Rethinking Adversarial Examples for Location Privacy Protection
Trung-Nghia Le, Ta Gu, Huy H. Nguyen, Isao Echizen

TL;DR
This paper proposes a novel adversarial example technique called MM-PGD for protecting location privacy by confusing landmark recognition systems, utilizing region analysis and two region identification strategies to minimize image manipulation.
Contribution
Introduces mask-guided multimodal projected gradient descent (MM-PGD), a new method for location privacy protection against landmark recognition systems using deep model analysis.
Findings
Effective in defending against black-box landmark recognition systems
Utilizes region analysis to minimize image manipulation
Two strategies: class activation map-based and human-vision-based
Abstract
We have investigated a new application of adversarial examples, namely location privacy protection against landmark recognition systems.

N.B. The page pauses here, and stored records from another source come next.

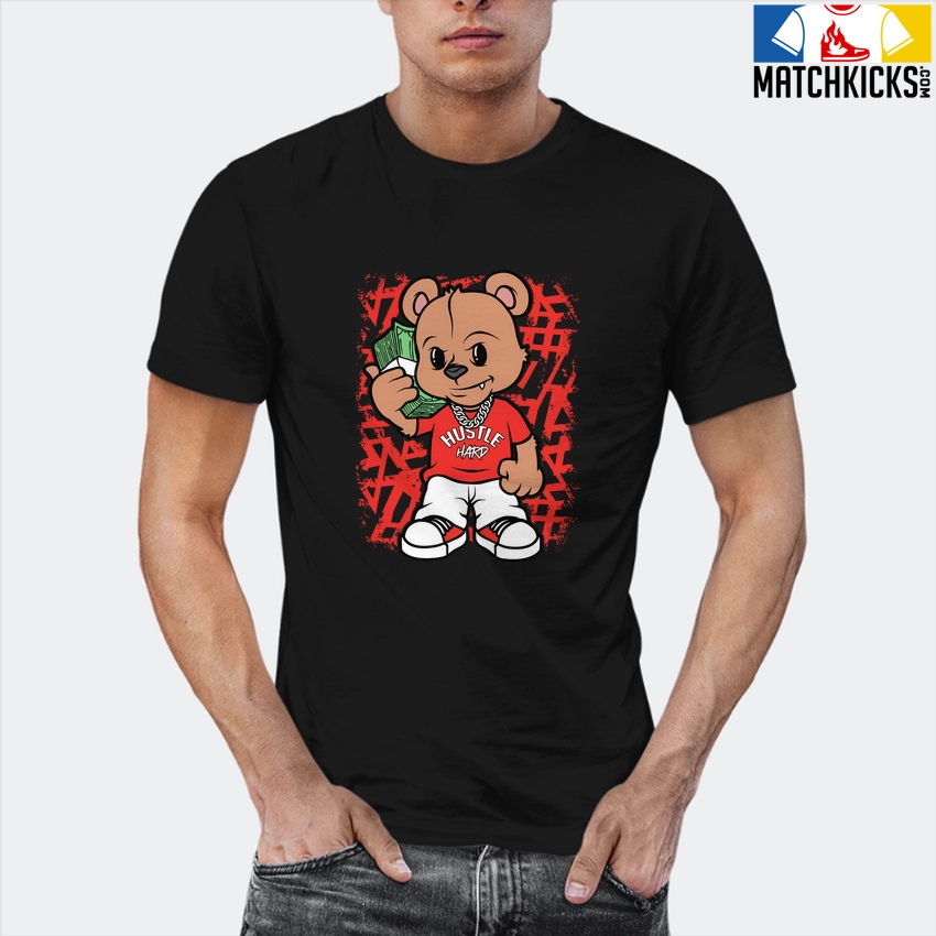 T-Shirt – Nike Dunk Low EMB NBA 75th Anniversary Chicago – Sneaker-Matching T-Shirt (HUSTLE HARD BEAR) is a high quality sneaker-matching T-Shirt designed to match your Nike Dunk Low EMB NBA 75th Anniversary Chicago sneakers. – This Tee is designed with the exact colors to match with a premium look and feel. We only use the best materials and inks to produce our merchandise. All sizes are true to size.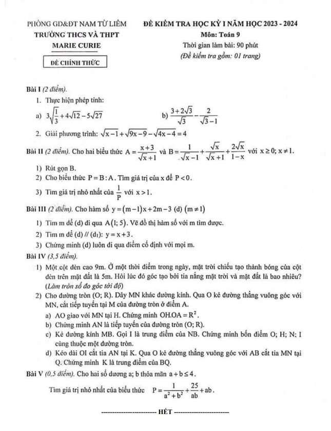 Xin chào quý thầy cô và các em học sinh lớp 9. Dưới đây là đề kiểm tra cuối học kỳ 1 môn Toán lớp 9 năm học 2023 – 2024 tại trường THCS và THPT Marie Curie, quận Nam Từ Liêm, thành phố Hà Nội. Hãy cùng Sytu tìm hiểu nội dung chi tiết của đề thi nhé!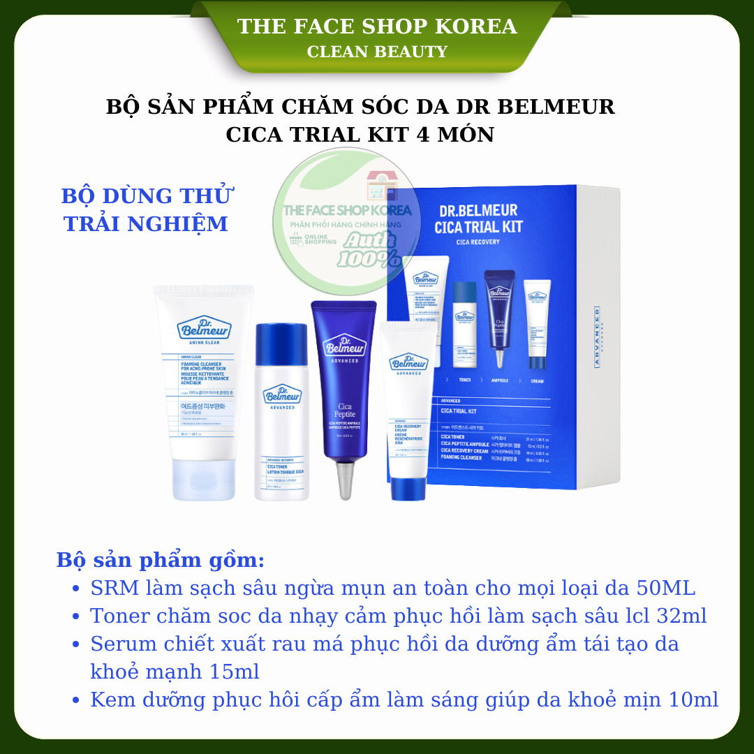 Bộ Kit Chăm Sóc da bản Dùng Thử Dr Belmeur Cica Trial Kit 4 món

We introduce mask-guided multimodal projected gradient descent (MM-PGD), in which adversarial examples are trained on different deep models. Image contents are protected by analyzing the properties of regions to identify the ones most suitable for blending in adversarial examples. We investigated two region identification strategies: class activation map-based MM-PGD, in which the internal behaviors of trained deep models are targeted; and human-vision-based MM-PGD, in which regions that attract less human attention are targeted. Experiments on the Places365 dataset demonstrated that these strategies are potentially effective in defending against black-box landmark recognition systems without the need for much image manipulation.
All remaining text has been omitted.